The car’s motor hadn’t been cut. A car door slammed, the engine was gunned—and it headed off the way it had come.
She held her breath as it rumbled back across the bridge. Reaching the other side. Safe.
Gone.
What on earth …?
Kids, playing the fool?
It was not her business. It was Blake’s business, she told herself. He was home now and she was only caring for her little bit of the house.
Hers. Until Blake sold the house.
It didn’t matter. For now it was hers, and she was soaking up every minute of it.
She snuggled back down under the covers—alone.
If there was one thing Maggie Tilden craved above everything else, it was being alone.
Bliss.
On the other side of the wall, Blake was listening, too. He heard the car roar over the bridge. He heard the thumps on his front door, the running footsteps of someone leaving in a hurry, and the car retreating back over the bridge.

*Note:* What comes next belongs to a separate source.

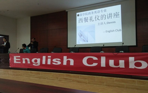 我校英语俱乐部是以商务英语专业学生为主的大学生学习性社团,由商学院刘婷老师担任指导老师。在商务英语教学过程中,刘婷老师感觉到,在现代社会,学生懂得西餐礼仪,更有利于交际。这不仅体现一个人对西方文化的尊重和了解,更能体现一个人的涵养和文化素质。尤其是对于现代的大学生而言,掌握西餐礼仪才能更好的适应社会发展的需要。针对这一现象,她指导的英语俱乐部决定举办一场关于西餐礼仪的讲座。在英语俱乐部学生精心组织策划下,活动取得了圆满成功。

He also thought whoever it was must be crazy.
He and his tenant—Maggie Tilden—had inspected the bridge yesterday. The storm water had been pounding the aged timbers; things were being swept fast downstream—logs, debris, some of it big. It was battering the piles.
‘If you want to get out, you should go now,’ Maggie had said. ‘The authorities are about to close it.’
Did it matter? He’d been ordered to take three weeks off work to recuperate from appendicitis. He needed to sort his father’s possessions, so what difference did it make if he was stranded while he did it?
‘It’s up to you,’ Maggie had said, as if she didn’t mind either way, and she’d headed back to her part of the house with his father’s dogs.
She kept to herself, for which he was profoundly grateful, but now … A knock at midnight. A car going back and forth over the bridge.
Was this some friend of hers, playing the fool? Leaving something for her at the wrong door?
Whoever they were, they’d gone.
On Maggie’s side of the house he’d heard the dogs go crazy. He imagined her settling them. Part of him expected her to come across to check what had just happened.
She didn’t.
Forget it, he told himself. Go back to bed.